Всю свою жизнь Белла Ахмадулина изъяснялась на этом книжном языке, который по всем законам и существующим языковым нормам должен быть помечен как уст
. (устаревший). Ее поэтический словарь — это Брокгауз и Ефрон 1913 года. А сама она — героиня множества стихов, романов, живописных полотен, мадригалов и пародий — давно уже персонаж не столько даже родимой литературы, сколько общественного сознания. Говорим «поэзия» — подразумеваем Ахмадулину, говорим «Белла» — подразумеваем небесноголосую диву с нежным фарфоровым профилем, подставленным под жар юпитеров и всеобщего обожания. Кажется, уже столько лет прошло, а она все так же стоит у микрофона. Ни на миг не шелохнется, ни на миллиметр не отступит от авансцены. Только все выше запрокинут надменный подбородок, все пронзительнее звук ее одинокого голоса, особенно на фоне всеобщего безголосья. Знаю, что последние годы она много хворала, что с концертами выступала редко, а новые книжки стихов выходили совсем небольшими тиражами, чтобы тут же исчезнуть в океане чтива, захлестнувшего наши книжные прилавки. Что все чаще и охотнее выступала в роли светской жены своего знаменитого и деятельного мужа, художника Бориса Мессерера. И роль ей эта была похоже, по душе. Во всяком случае, не припомню, когда бы встречал Ахмадулину одну, без него. Некогда самая богемная пара Москвы стала едва ли не самой уважаемой парой нашего художественного истеблишмента. Особенно это дано всем было почувствовать на ее юбилейных торжествах во МХАТе, отмеченных президентским орденом и присутствием президентской жены в партере. Власть Ахмадулину уважала, поскольку давно поняла, что поэт — это тоже власть. А если поэт — женщина, да к тому же женщина красивая и знаменитая, то лучше с ней не связываться. Так рассуждали высокие чины на Старой площади двадцать и тридцать лет назад, когда Ахмадулина бросалась на защиту обиженных и гонимых. Как ни странно, на ее голос всегда откликались даже начисто лишенные поэтического слуха начальники. Она буквально гипнотизировала их своим полупением, полуплачем, в которых не было ничего крамольного или фрондерского, но в сочетании с ее обликом и интонацией в них слышался какой-то неявный укор, терзающий душу и совесть или то, что там от них осталось. Недаром В. Аксенов совершенно серьезно предлагал ей испытать гипнотическую силу ее мрачноглазого татарского взгляда на каком-нибудь правительственном лимузине, пролетавшем по Калининскому проспекту.— Вот увидишь, — говорил он, — эта сволочь обязательно разобьется.
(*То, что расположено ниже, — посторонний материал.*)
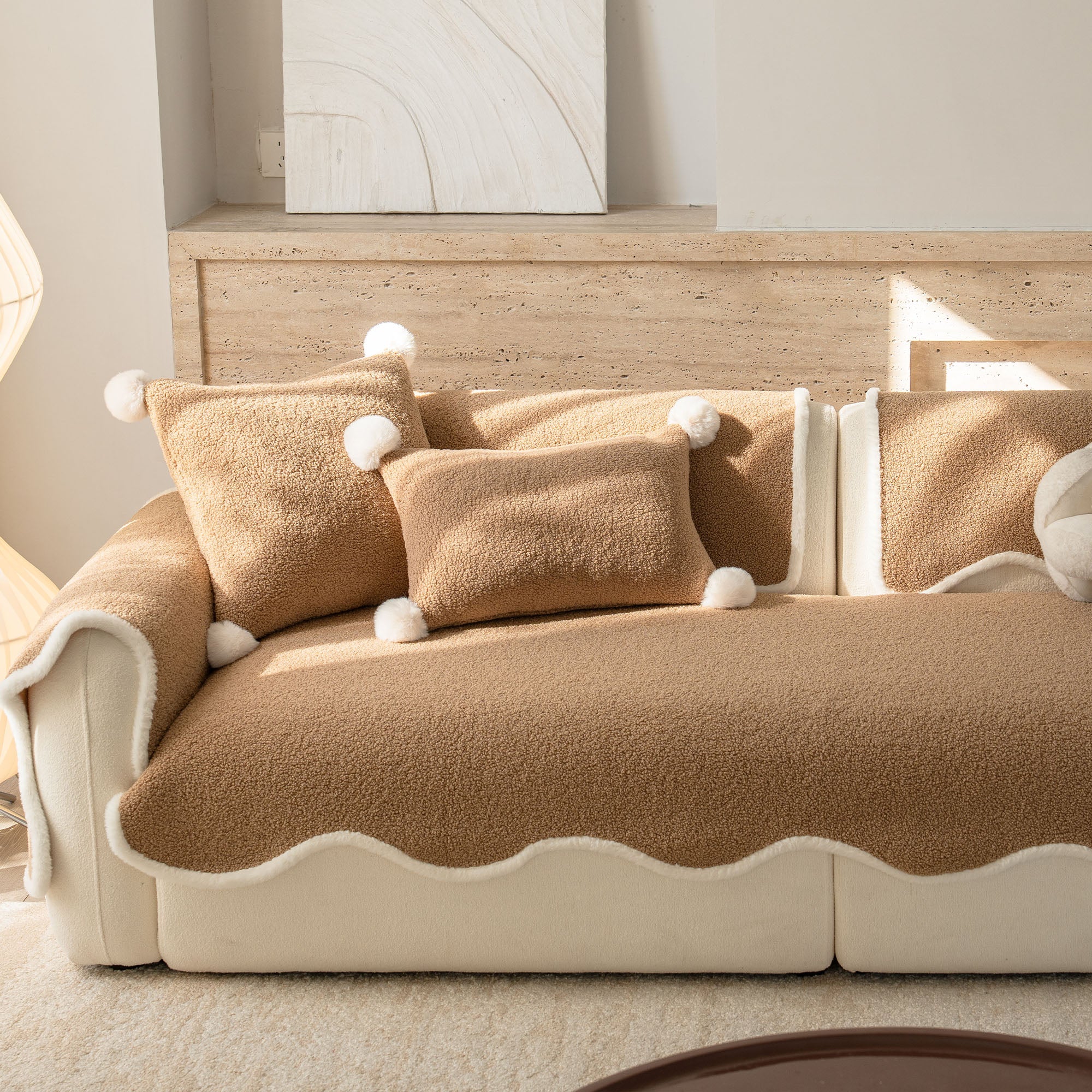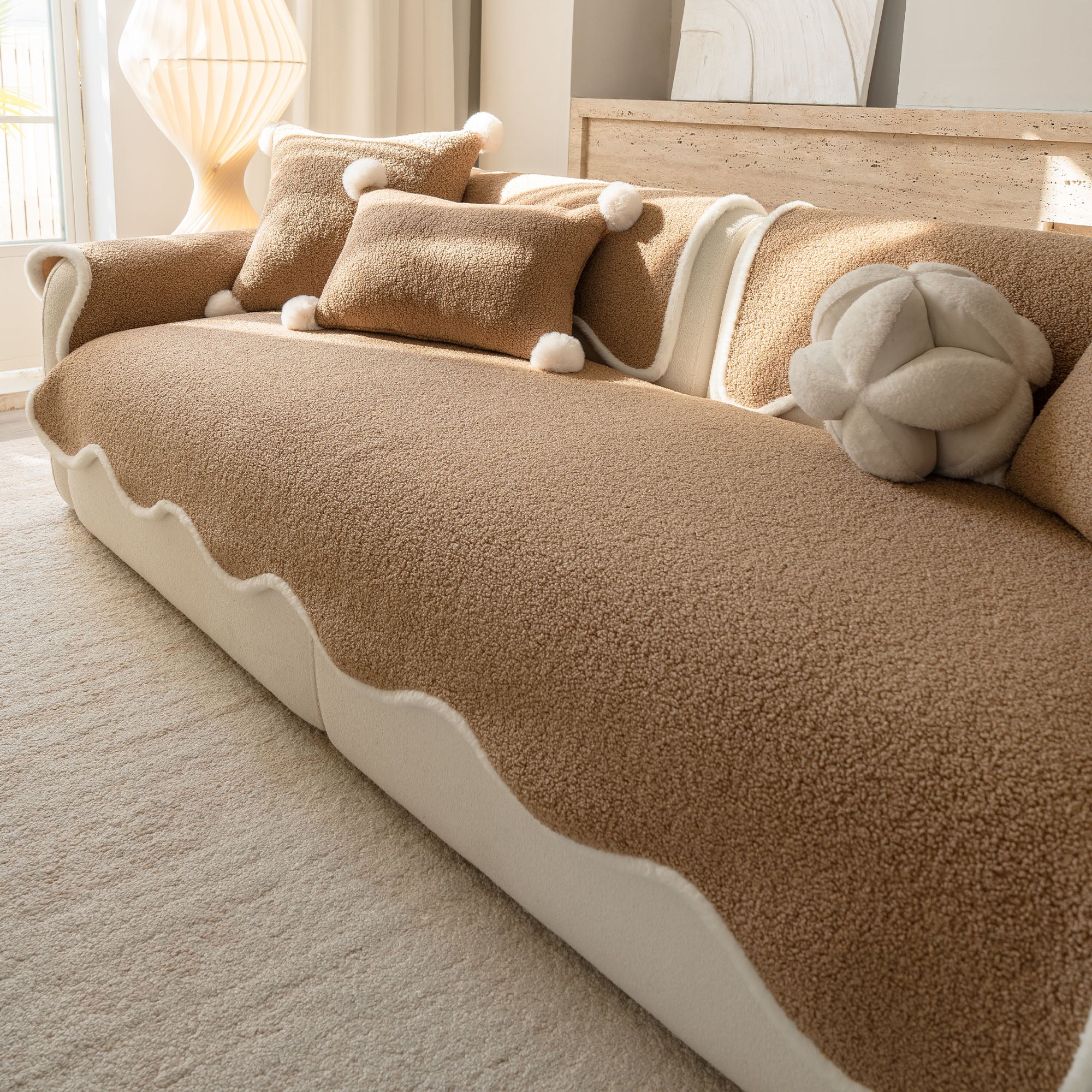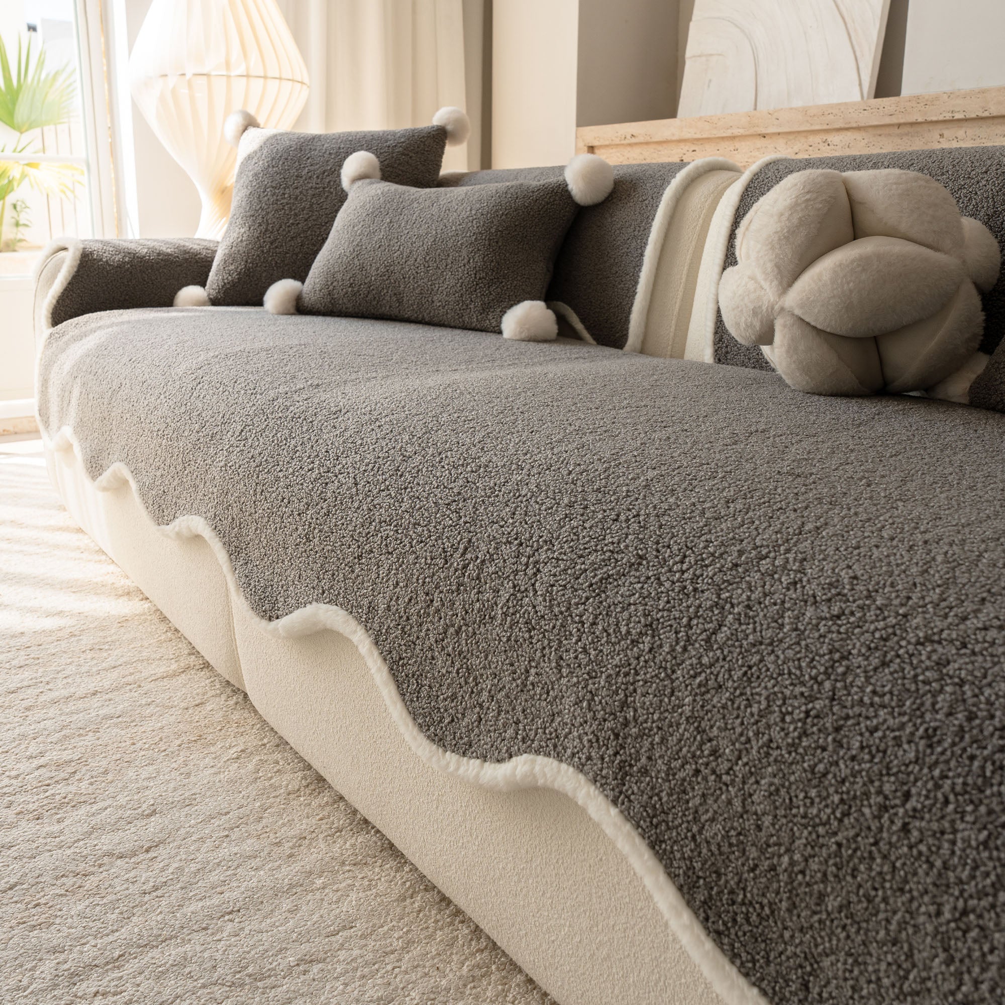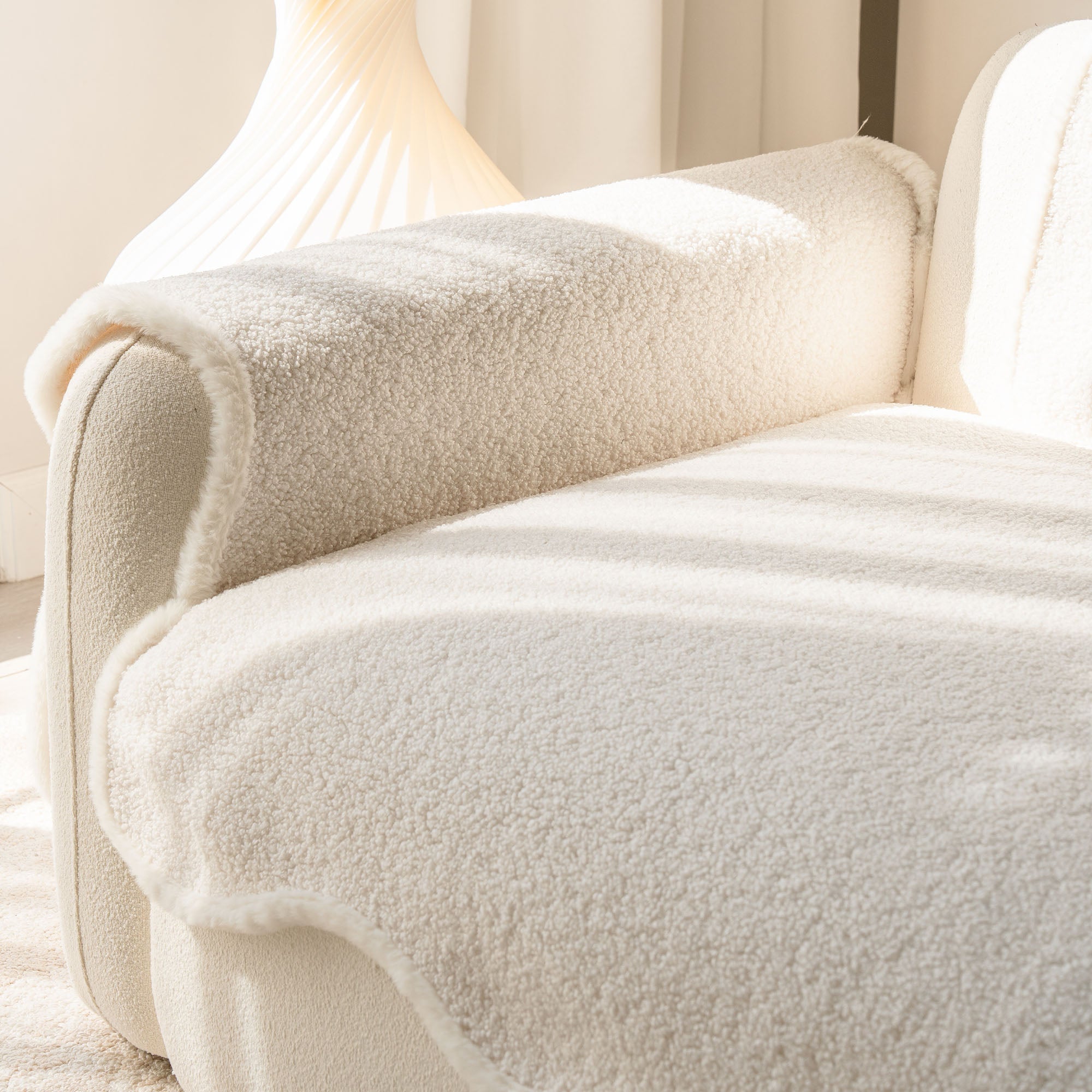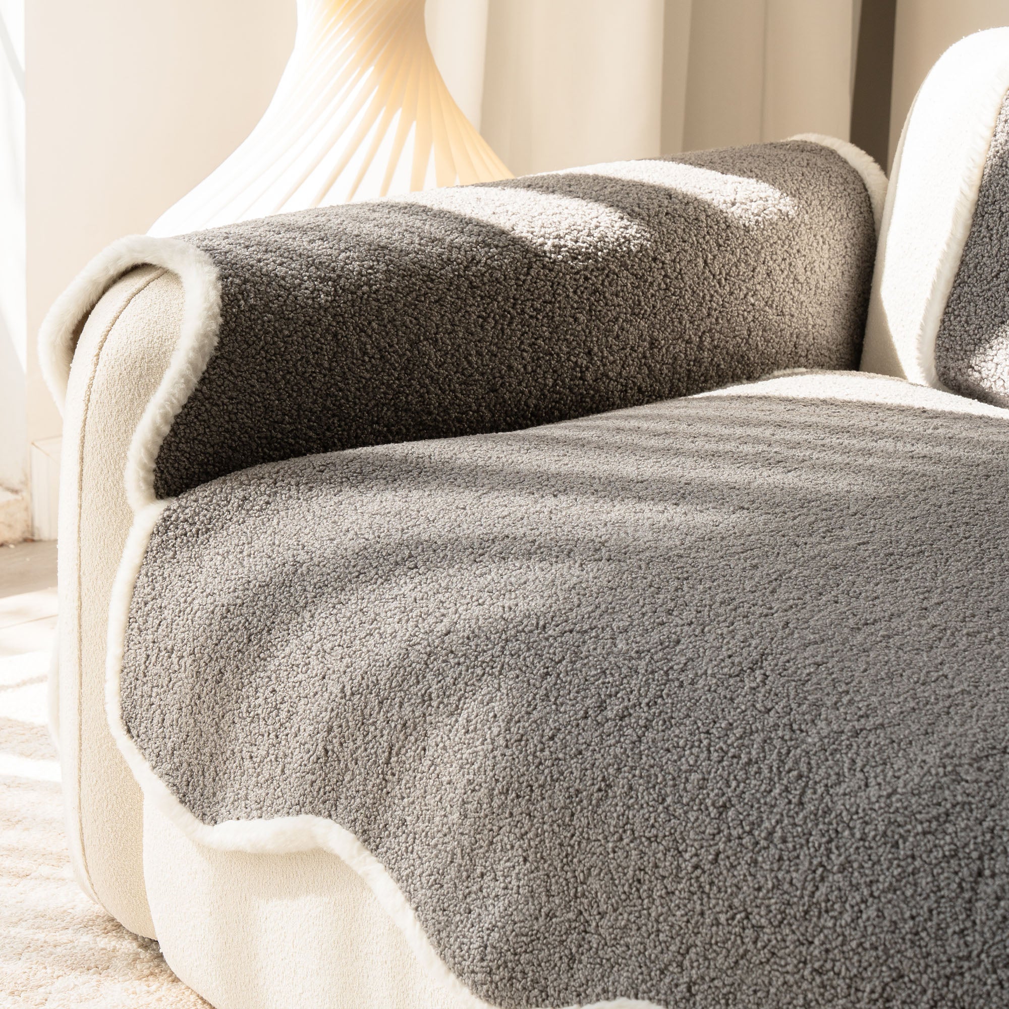 コージーシアリングシェルパノンスリップソファカバーで、ソファを静かな贅沢に包み込みましょう。高密度でふっくらとしたシェルパパイルは、まるで雲のように柔らかな肌触りで、秋冬を通して美しく着こなせます。しっかりとした滑り止め加工の裏地が、シートクッションやアームレストにしっかりとフィット。柔らかなスカラップ模様の縁が、洗練されたデザイナー仕上げを演出します。ペットやご家族にも優しく、髪の毛、傷、パンくず、日常のこぼれなどからソファを守ります。リビングルームはいつでもお客様をお迎えできる快適な空間です。

Но Белла такие предложения со смехом отвергала. Своей властью она никогда не кичилась и никогда ею не злоупотребляла, оставаясь в раз и навсегда выверенных пределах чистой поэзии, где у нее практически не было соперниц. Где-то рядом, у нее за спиной, ревниво звучали голоса поэтесс — ее ровесниц: Юнна, Новелла, Римма (удивительно это удвоение согласных в их именах, дающее звук бесконечно тянущегося эха), но Белла была одна. Она всегда оказывалась ближе к микрофонам, к юпитерам, к публике. Она лучше получалась на фотографиях и экране. Не говоря уже о том феерическом успехе, которым она пользовалась у мужчин. Женщины этого не прощают. Думаю, что элементарная женская ревность таилась и за холодноватой усмешкой Ахматовой, когда она обратила свой отнюдь не благосклонный взор на юную Ахмадулину. Анна Андреевна готова была бы милостиво признать ее талант, но только не красоту. И та дурацкая авария, которая приключилась с ахмадулинским «Москвичом», когда она первый и единственный раз вывезла Ахматову погулять, скорее была результатом не какой-то там заурядной технической неисправности, но высшей астральной несовместимости двух женщин, чье присутствие создавало непосильное напряжение для автомобиля отечественной сборки. Впрочем, недоброго взгляда Ахматовой, я полагаю, не выдержал бы и мотор «роллс-ройса».
…Дверь была приветливо приоткрыта. В пустоватой квартире, где сиротливо, словно за что-то наказанные, стояли картины, повернутые холстами к стенке, а в углу примостились трубы старинных граммофонов, словно сошедшие с обложек знаменитых сборников Ахмадулиной 1970-х, меня уже ждали.
Борис Мессерер, как истинный художник-постановщик, быстро срежиссировал удобную для нашей беседы мизансцену визави за кухонным столом, умело распорядился нехитрым реквизитом — стопка водки и бутерброд с плавленым сыром для меня, кофе и пепельница для Беллы — и, окинув зорким взглядом сотворенный им натюрморт, удовлетворенный, удалился в глубь квартиры, оставив нас вдвоем.